From 1855 to 1938, Paris was served by an extensive tramway network, predating the Paris Métro by nearly a half-century. In 1925 the network had a 1111 km length, with 122 lines. In the 1930s, the oil and automobile industry lobbies put pressure on the Paris Police Prefecture to remove tram tracks and make room for cars.
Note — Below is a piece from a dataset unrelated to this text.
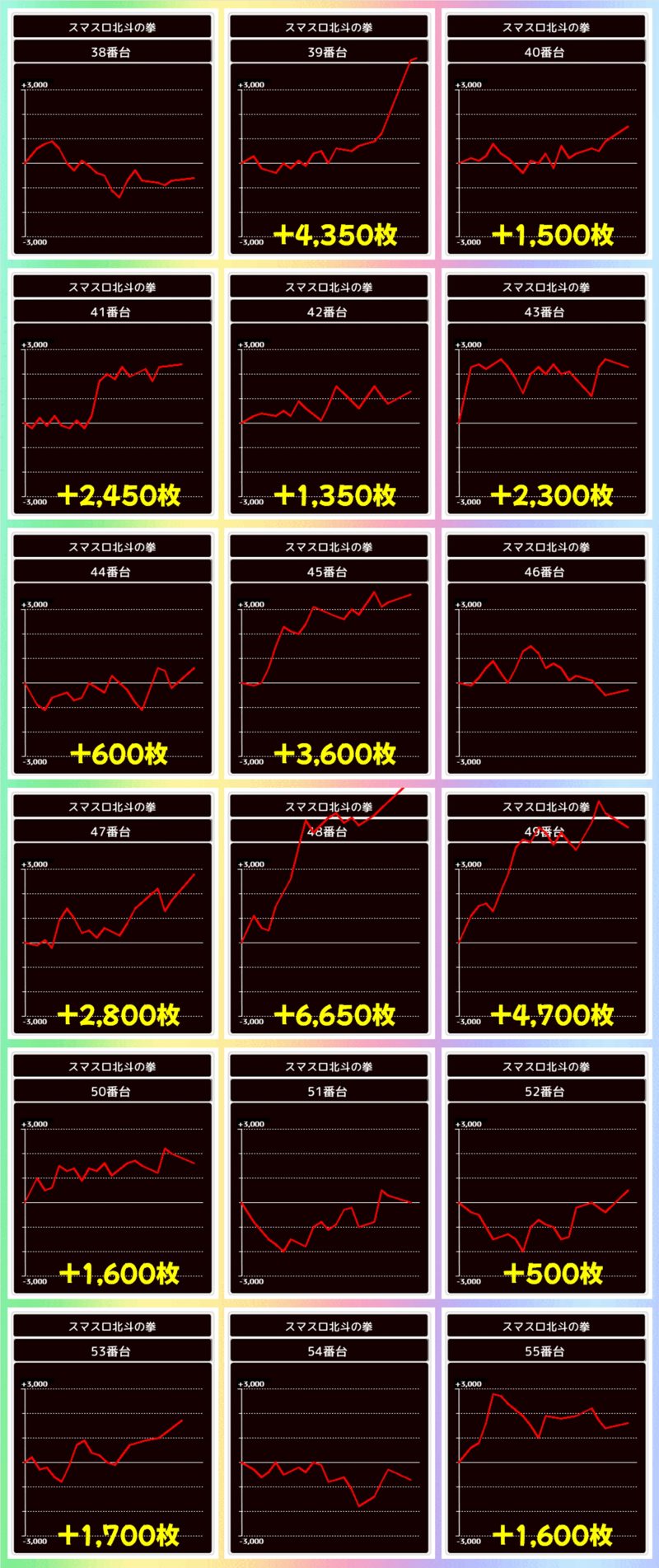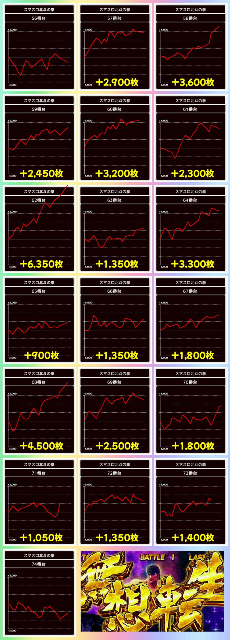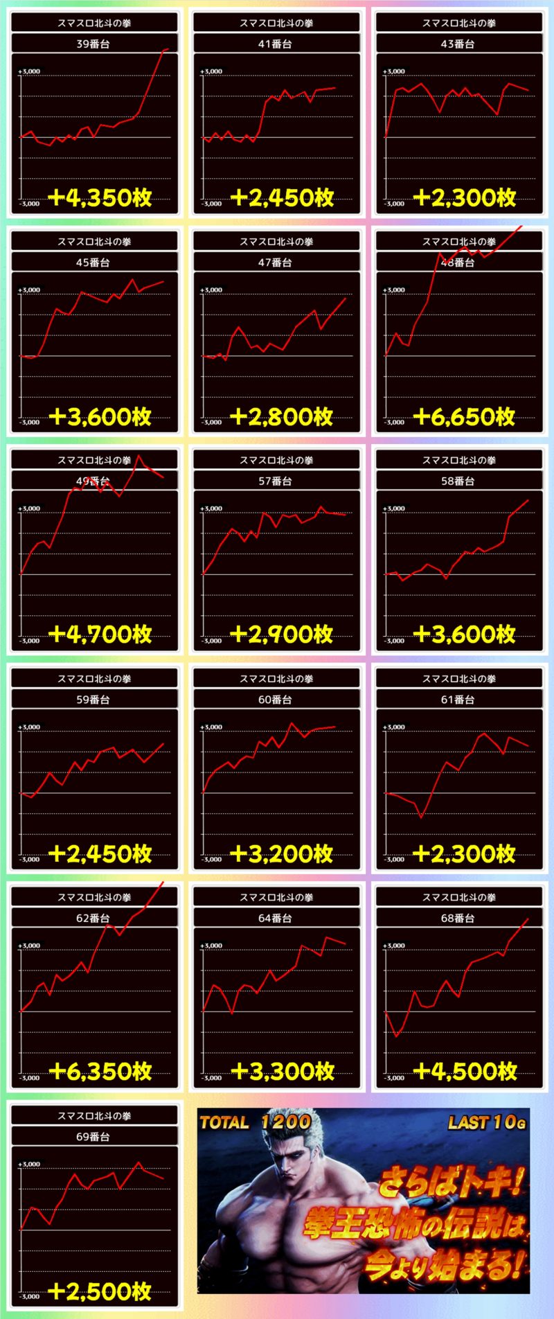 全台系濃厚だったので当然ですが、スマスロ北斗の拳からは+6650枚を筆頭に多数の大量出玉が出現しました。

The last of these first generation tram lines inside of Paris, connecting Porte de Saint-Cloud to Porte de Vincennes, was closed in 1937, and the last line in the entire Paris agglomeration, running between Le Raincy and Montfermeil, ended its service on 14 August 1938.

Originally horse-powered, Paris trams used steam, as well as later pneumatic engines, then electricity. The funicular that operated in Belleville from 1891 to 1924 is sometimes erroneously thought of as a tramway, but was actually a cable car system.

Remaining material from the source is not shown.